Accordingly, in comparison with the uprising of the peasants as well as that of the nobles under Franz von Sickingen—both of which had the principle in common of basing participation in the government, more definitely than had before been the case, upon landholding—the rising monarchical idea was relatively a justifiable and revolutionary factor, since it was based upon the idea of a state sovereignty independent of landholding, representing the national idea independent of private property relations; and it was just this which gave it the power for a victorious development and for the suppression of the uprising of the peasants and the nobles.

I have gone into this point somewhat explicitly, in the first place to show the reasonableness and the progress of liberty in the development of history, even by an example in which this is not at all evident on superficial observation; in the second place, because historians are still far from recognizing this reactionary character of the peasant uprising and the reason for its failure, which lay chiefly in this aspect; but, rather deceived by external appearances, they have considered the Peasant War a truly revolutionary movement.

Finally, in the third place, because at all ages this phenomenon is frequently repeated—that men who do not think clearly (among whom are often found those apparently most highly educated, even professors) have fallen into the tremendous mistake of taking for a new revolutionary principle what is only a more logical and clear expression of the thought of a period and of institutions which are just passing away.

Gentlemen, let me warn you against such men, who are revolutionists only in their own imaginations, and such tendencies, because we shall have them in the future as we have had them in the past. We can also derive consolation from the fact that the numerous movements which, after momentary success, have immediately, or in a short time, come to naught again, which we find in history and which may cloud the superficial vision of many a patriot with gloomy forebodings, have never been revolutionary movements except in imagination. A true revolutionary movement, one which rests upon a really new idea, as the more thoughtful man can prove from history to his consolation, has never yet failed, at least not permanently.
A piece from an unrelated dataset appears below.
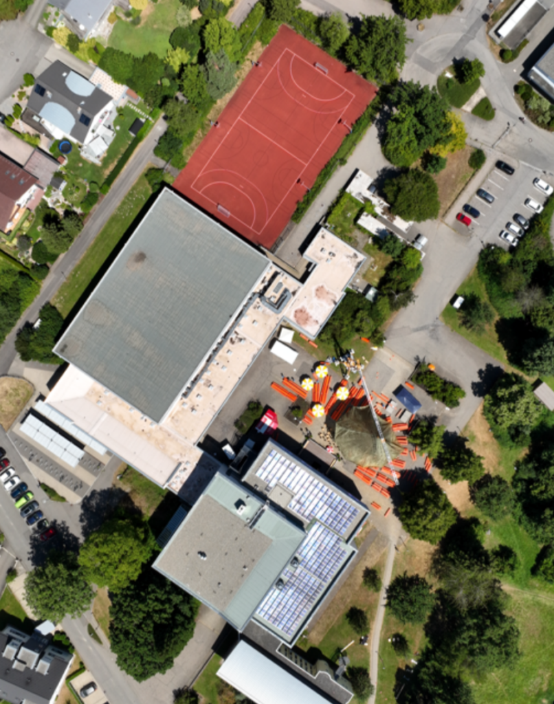 Im Bereich des roten Spielfeldes wird der Anbau an die bestehende Sporhalle (grau) realisiert werden. Das Luftbild wurde den Sitzungsunterlagen entnommen.

I return to my main subject. If the Peasant Wars are revolutionary only in imagination, what was really and truly revolutionary at that time was the advance in manufacturing—the production of the middle class, the constantly developing division of labor, and the resulting wealth in capital, which accumulated exclusively in the hands of the middle class because it was just this class that devoted itself to production and reaped its profits.

It is usual to date the end of the Middle Ages and the beginning of modern history from the Reformation—accordingly, from the year 1517. This is correct in the sense that, in the two centuries immediately following the Reformation, a slow, gradual, and unnoticed change took place, which completely transformed the aspect of society and accomplished within it a revolution that later, in 1789, was merely proclaimed, not actually produced, by the French Revolution.

Do you ask in what this transformation consisted?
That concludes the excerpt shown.